Notice that some effects, for example AB, are partially aliased with other effects. This is an offshoot of the semifold, causing the overall design to become non-orthogonal; that is, effects no longer can be independently estimated. You will see a repercussion of this when Design-Expert analyzes the data.
Click the main Design branch to see the augmented runs. Then double-click the Std column header to get it back in standard order.
Lance’s results can be seen in the following table.
Enter the times shown above into your blank response fields. Again, be certain everything matches properly. Then go to the analysis of the Time ¼ Mile and press the Effects button. The following warning comes up that the design is not orthogonal (as explained a bit earlier).
Press OK. Then, rope the three largest effects as pictured below. You will find B, E, and interaction BE to be significant.
The effects shift – you may not notice the change when all are selected at once.
When you press ANOVA, the “This design contains aliased terms” warning again appears. Click Yes to see the alias list, which now looks much better than before: The model (“M”) terms are aliased only with high-order interactions that are very unlikely to have any impact on the response.
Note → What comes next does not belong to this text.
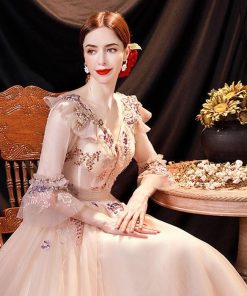 ANGEL Vネック チュール レース パール ビーズ フリル 七分袖付き 背中編上げ Aライン ロングドレス ピンク ロング ドレス パーティードレ

Click ANOVA again and review the results. Then move on to Diagnostics. Check out all the graphs. Then click Model Graphs. The interaction plot of BE looks the same as before. Check it out. Just to put a different perspective on things, on the Factors Tool, right click E: Gear and select it for the X1 axis. You now get a plot of EB, rather than BE. In other words, the axes are flipped. Note that the lines are now dotted to signify that gear is a categorical factor (high or low). On the BE plot the lines were solid because B (tire pressure) is a numerical factor, which can be adjusted to any level between the low and high extremes.
“Thank goodness for designed experiments!” exclaims Lance. “I know now that if I am in low gear then it doesn’t matter much what my tire pressure is, but if I am in high gear then I could improve my time with higher tire pressure.”
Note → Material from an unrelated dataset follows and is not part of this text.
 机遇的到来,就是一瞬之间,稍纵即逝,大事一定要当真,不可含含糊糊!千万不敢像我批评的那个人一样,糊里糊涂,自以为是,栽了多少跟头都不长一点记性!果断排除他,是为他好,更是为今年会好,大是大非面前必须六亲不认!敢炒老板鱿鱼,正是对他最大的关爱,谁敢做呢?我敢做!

“Or,” cautions Sheryl, “You could say that at low tire pressure it doesn’t really matter what gear you are in, but at high pressure you had better be in high gear!”
“Whatever,” moans Lance.
“Another thing I noticed,” prods Sheryl, “Your average time for each set of eight runs increased a lot. It was 70 seconds in the first experiment, 80 in the second set and almost 85 seconds in the last set of runs. You must have been getting tired. It’s a good thing we could extract the block effect or we might have been misled in our conclusions.”
“It doesn’t get any better than DOE,” agrees Lance.
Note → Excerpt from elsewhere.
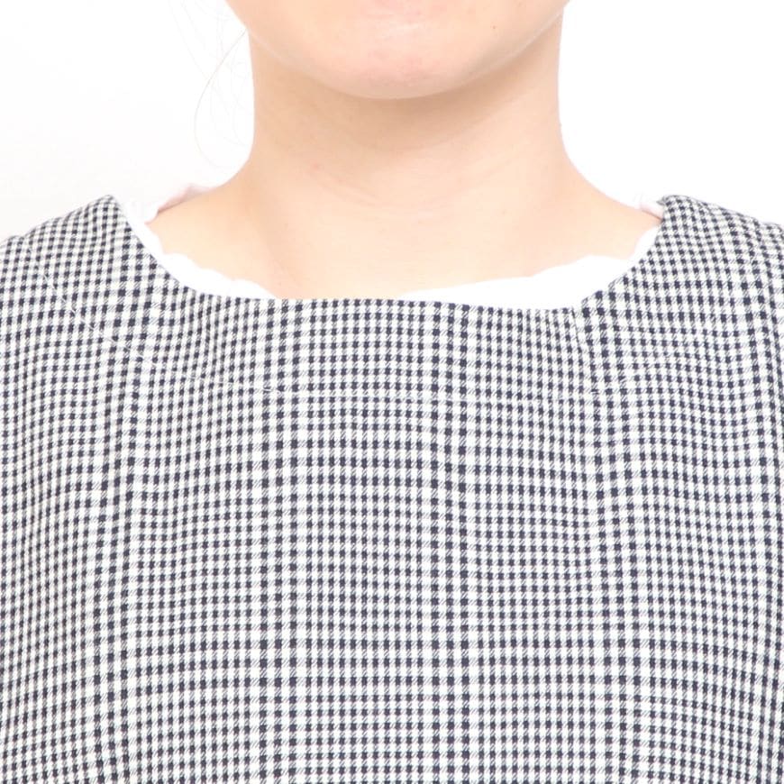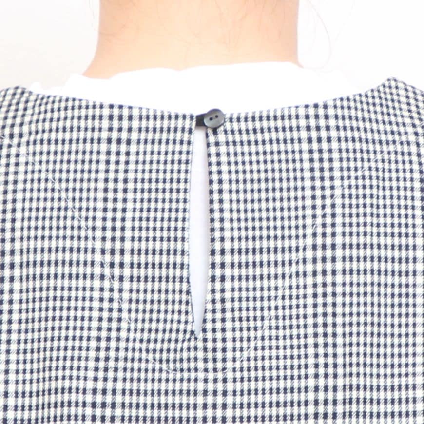 襟ぐりは少し詰まったクルーネック。バックネックは涙空きで女性らしい印象です。

In this instance, by careful augmentation of the saturated design through the foldover techniques as suggested by Design-Expert (defaults provided via augmentation tool), Lance quickly found the significant factors among the seven he started with, and he pinned down how they interacted. He needed only 24 runs in total – broken down into three blocks. A more conservative approach would be to start with a Resolution V design, where all main effects and two-factor interactions would be free from other main effects and two-factor interactions. But this would have required 30 experimental runs at the least with the MR5 design (offered only by Stat-Ease!), or far more (64) with the standard, classical two-level fractional factorial design (27-1). And lest you forget, Lance Legstrong may not have won the early-bird Spring meet without the results from his first eight-run experiment.
In this case, Lance discovered a winning combination with the saturated Resolution III design. Thus, he developed a fix for the problem via design of experiments. However, without the prompting of Sheryl Songbird, his friend and personal coach, Lance may not have done the necessary follow up experiments via foldover to determine exactly what caused the improvement. She helped him use DOE to solve the problem.